The disparities have made the ascent of coronavirus in rural North Carolina even more deadly. Rural areas nationwide have the most pandemic-related deaths per 100,000 residents, a trend that plays out in North Carolina as well.

None of the disparities that make coronavirus more deadly are new. Rural areas have struggled with provider shortages, hospital and unit closures, and economic decline for decades. But the spread of the virus gives urgency to addressing these needs sooner rather than later. The first stage of the pandemic saw many stopgap measures from sending Wi-Fi-equipped buses to rural areas to serve as hotspots to stepping up testing efforts in hard-hit areas to designating special coronavirus funds for smaller hospitals.

Rural areas are likely to need more support and resources to weather the next stage of the pandemic. -Liora Engel-Smith

COVID-19 exacerbated existing health disparities for incarcerated people

COVID-19 laid bare what people who work and live within the criminal justice system have said for decades – serving time behind bars exposes North Carolinians to added health risks.

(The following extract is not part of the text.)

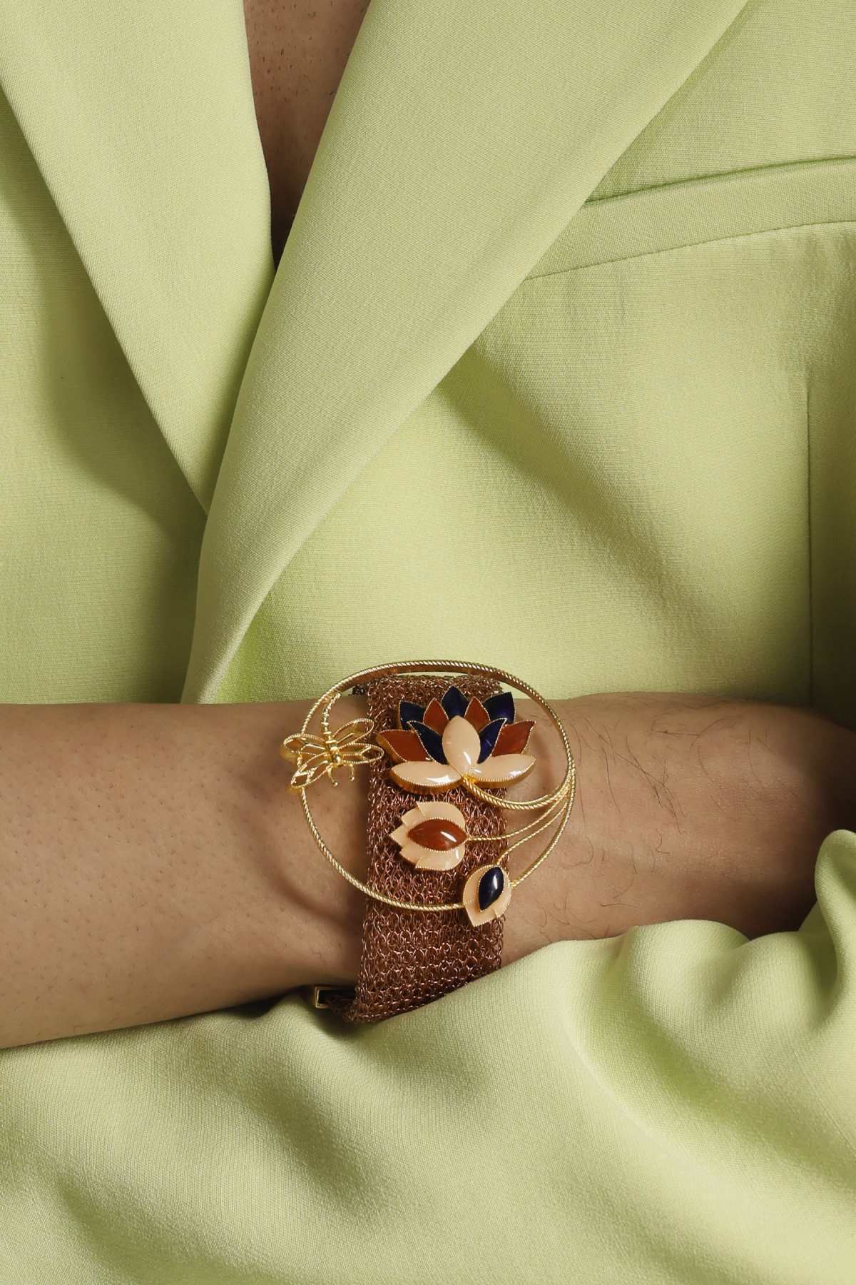 Designer Cuff Bracelets, whether simple or lavish, are a fantastic way to add a pop of glitter to a statement outfit. The cuff's silhouette adorns the wrists in a committed manner and has gorgeous detailing, making it a great accessory for celebrations. They are crafted by gold, silver, brass, gold plating, more embossed leaves, teardrop pearls, butterfly chains, or other materials. It is ideal for some extravagant occasion, like a festive or wedding ceremony, to leave an everlasting impression.

This year, the novel coronavirus pandemic tore through – and continues to spread within – prisons, jails, and detention centers, exacerbating existing health challenges that incarcerated people in North Carolina and their loved ones face. By the end of the year, more than one in five prisoners in the state system have been diagnosed with the virus, according to an NC Health News analysis, it’s likely more have been infected, but not diagnosed.

The loss of in-person visits created added barriers for children with an incarcerated parent in North Carolina, some of whom have now not seen their mother or father in almost a year. It paused the state’s plan to bring medication-assisted treatment (MAT) to people with substance abuse disorder who are incarcerated inside state prisons this year – studies show people are 40 times more likely to overdose after release from a North Carolina prison or jail, according to North Carolina researchers who published in the American Journal of Public Health in 2018.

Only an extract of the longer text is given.